Many members of the church have been fired from their jobs and evicted from their homes due to pressure from communist “security” forces. And the crackdown has intensified in recent weeks as the congregation continued to defy the dictatorship.

In a message circulated to church members before Easter, Pastor Jin Tianming urged members to sacrifice themselves as Christ had in the battle against government persecution. And despite having already been arrested and eventually confined to his home, he urged believers to stick to the plan for Easter.

"The devil Satan has taken advantage of the authority God has granted to the national government and is seeking to destroy God's church," he wrote in the note. "His devil's claws have finally been revealed. Satan get thee behind me!"

Obviously, the dictatorship was not pleased. As such, a representative of the regime’s foreign ministry defended the persecution by claiming that the Shouwang Church was “an organization with no legal basis” to exist.

So-called “churches” — approved, registered, and managed by the communist regime — are allowed to operate in China, provided they spout the Party line. An estimated 20 million people worship in the dictatorship’s “patriotic” congregations.

But according to estimates, between 50 million and 80 million Christians worship in establishments that refuse to submit, known as “underground” or “house” churches. And the Chinese regime, like all past communist tyrannies, views them as a grave threat.

Reuters reported that “illegal” Easter services in other parts of China were also blocked by authorities, including two in the city of Guangzhou. And the day before Easter, the regime arrested Zhang Mingxuan, the president of the Chinese House Church Alliance.

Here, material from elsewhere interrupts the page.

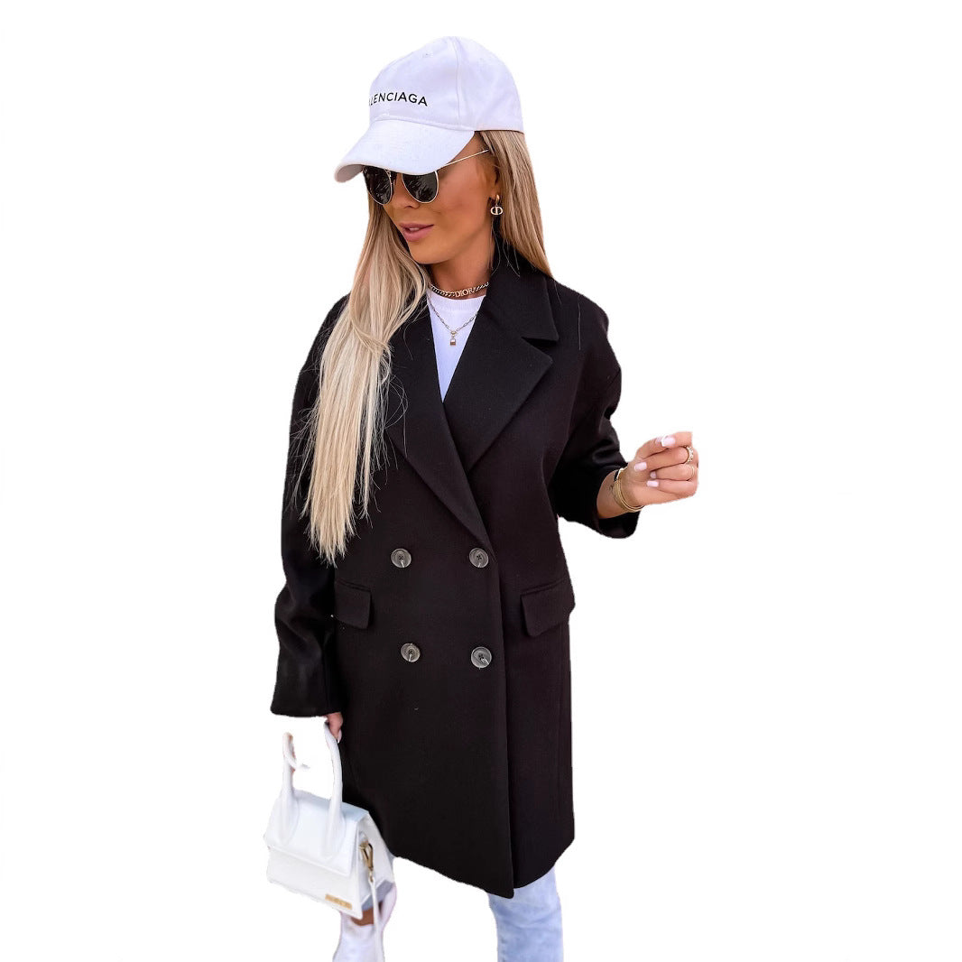 Damen Oversized Trenchcoat mit doppelter Knopfleiste und breitem Kragen Heidi-Mode

But the persecution has not gone unnoticed. Advocates of human rights and religious freedom blasted the Easter arrests and the regime’s repression of Christians and others who refuse to worship the state. And news outlets around the world have reported on the scandal as an international uproar continues to gain strength.

“We are deeply disappointed that the Chinese authorities chose to disrupt peaceful worshippers who were simply celebrating Easter today,” said Pastor Bob Fu, the founder and president of a U.S.-based non-profit called ChinaAid. The organization draws attention to the regime’s persecution of Christians and others.

“By doing this, [the] Chinese government again demonstrates its total disregard for Chinese citizens’ basic religious freedom and freedom of assembly,” he added. “We continue to call upon the free world to stand firm in solidarity with the persecuted faithful in China.”

The U.S. Commission on International Religious Freedom castigated the regime’s attitude toward the Shouwang Church and other non-government-approved Christians even before the Easter arrests. “Beijing has again responded with ruthless intolerance to peaceful religious activity,” said commission chair Leonard Leo in a statement urging the dictatorship to allow Christians to celebrate Easter. Of course, the call went unheeded.

“Beijing’s action further alienates the fast growing number of religious believers in China, particularly during Easter, the most sacred week in Christianity,” Leo said. “Obviously, China does not see the rule of law or religious freedom as being in its long-term interests.” He urged the U.S. government to speak up about the ongoing tragedy.

The Easter crackdown comes amid an increasingly brutal campaign by the Chinese government to suppress any and all perceived dissent. As The New American reported last week, the dictatorship has been accelerating and intensifying its forced disappearances of human-rights activists, lawyers, critics, bloggers, and others.

A large Buddhist monastery in illegally occupied Tibet is also under siege as Communist Chinese authorities seek to kidnap monks for “patriotic re-education.” Problems began when a monk set himself on fire to commemorate the third anniversary of peaceful Tibetan protests that ended up being brutally squashed by the dictatorship. Several people at least, including two elderly women, have already been murdered by “security” forces in the most recent clashes there.